Хотел я не любить: что ж делаю? люблю!
Любя терзаюся, крушу себя, гублю…
Но пользы нет в слезах; слезами я не смою
Того, что злой судьбе железною рукою
Угодно было начертать:
«Кокеткам торговать сердцами,
Мужьям ходить с рогами,
А Плаксе (то есть мне) бранить любовь словами,
Но сердцем обожать — ввек, ввек!»
Увы! слаб бедный человек!
Дщерь гордости властолюбивой,
Обманов и коварства мать,
Все виды можешь принимать:
Казаться мирною, правдивой,
Покойною в опасный час,
Но сон вовеки не смыкает
Ее глубоко впавших глаз;
Она трудится, вымышляет,
Печать у Истины берет
И взоры обольщает ею,
За небо будто восстает,
Но адской злобою своею
Разит лишь собственных врагов.
Благодарю судьбу, что грамоте умею!
Писатель для других, я для тебя писец,
В изображеньи букв совсем не образец,
Но, криво ставя их, я не кривлю душею:
Достойное хвалы хвалю,
Достойное любви люблю —
Тебя!

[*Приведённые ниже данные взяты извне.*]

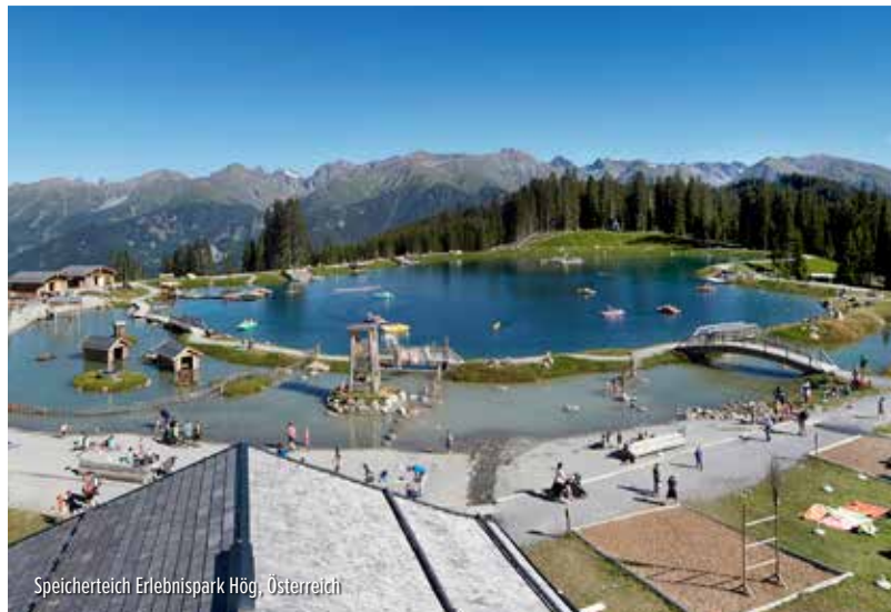
Speicherteich Erlebnispark Hög, Österreich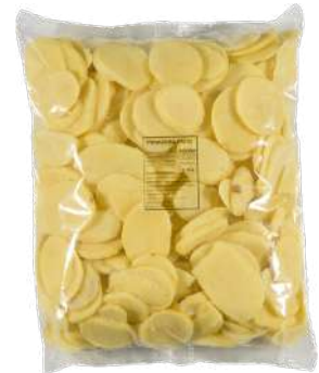
Patata panadera freir Bolsa de 3kg.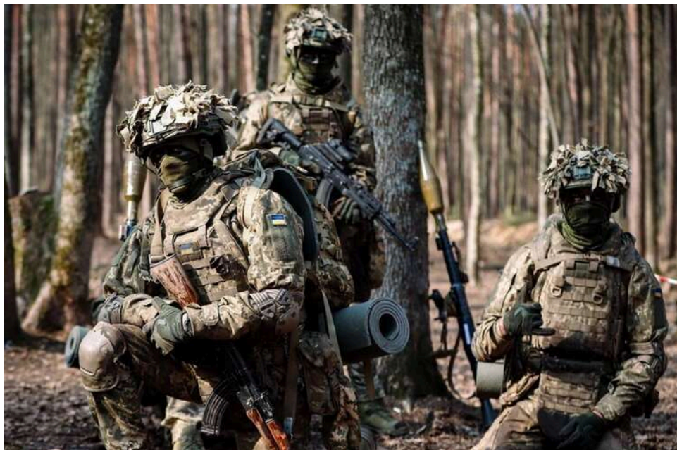
Спецоперація СБУ: ЦСО «Альфа» уразив оборонний завод та НПЗ у Підмосков'ї, а також ППО на аеродромі «Бельбек»

Фахівці Центру спеціальних операцій «Альфа» Служби безпеки України спільно з іншими підрозділами Сил оборони завдали ударів по низці об'єктів у Московській області РФ та в тимчасово окупованому Криму.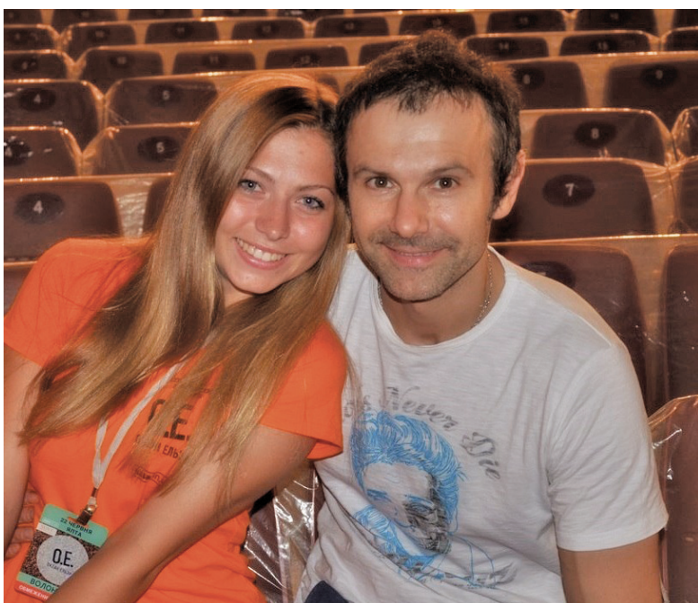
Святослав Вакарчук і Софія – с.5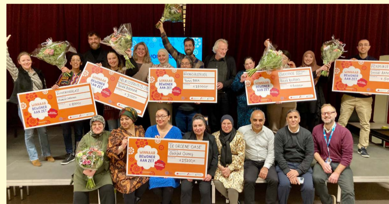
Op de foto de winnaars van de vorige Bewoner aan Zet.

Lever het plan in voor 1 december via www.bewoneraanzet.nl . Op deze website zie je hoe het werkt. En voorbeelden van eerdere plannen.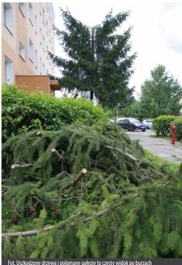
Fot. Uszkodzone drzewa i połamane gałęzie to częsty widok po burzach

W przypadku zauważenia uszkodzeń spowodowanych przez warunki pogodowe, OSP prosi o zgłoszenia pod nr telefonu 998.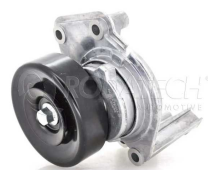
TENSOR DE BANDA POLEA DE REPUESTO RT-131142 • 2000-2009 4.7 V8 GAS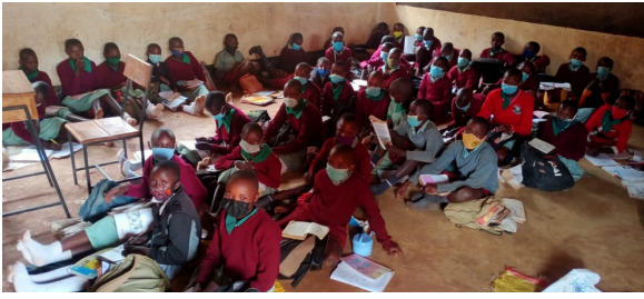
Essosian primary. Sans classe les élèves assis par terre.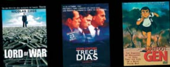
El senyor de la guerra

Aquesta activitat es posa a disposició dels ajuntaments de la província de Barcelona en el marc de l'Oferta d'accions de sensibilització de la Diputació de Barcelona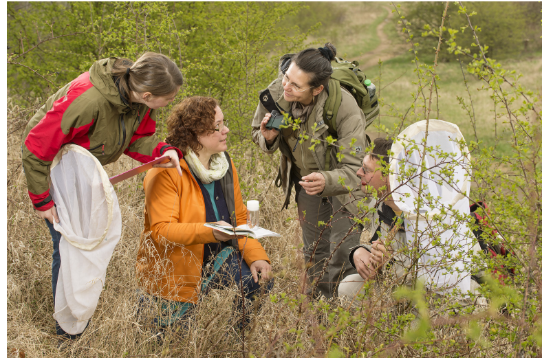
Beim Tagfalter-Monitoring-Deutschland (TMD) gehen Freiwillige bundesweit regelmäßig auf Schmetterlingssuche.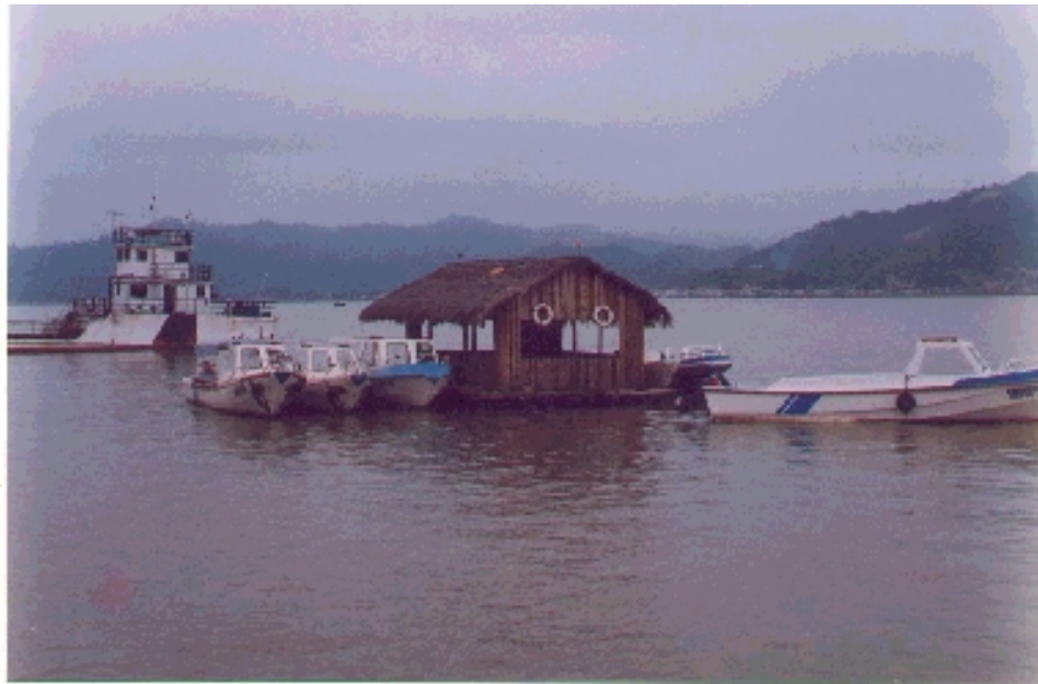
Cabaña flotante de Chirije

И выбрав здесь без строгого разбора
Что нравилося мне, согласен я без спора
Всё надвое делить: прекрасное твое,
А слабое мое.
«Взгляните на меня: я в двадцать лет старик;
Весь высох как скелет, едва таскаю ноги;
Смотрю в очки, ношу парик;
Был Крезом год назад, теперь я Ир убогий».
— «Какой же адский дух с тобою так сшутил?»
— «Красавицы: увы! я страстно их любил!»
— «За что ж, когда они тебе врагами были?»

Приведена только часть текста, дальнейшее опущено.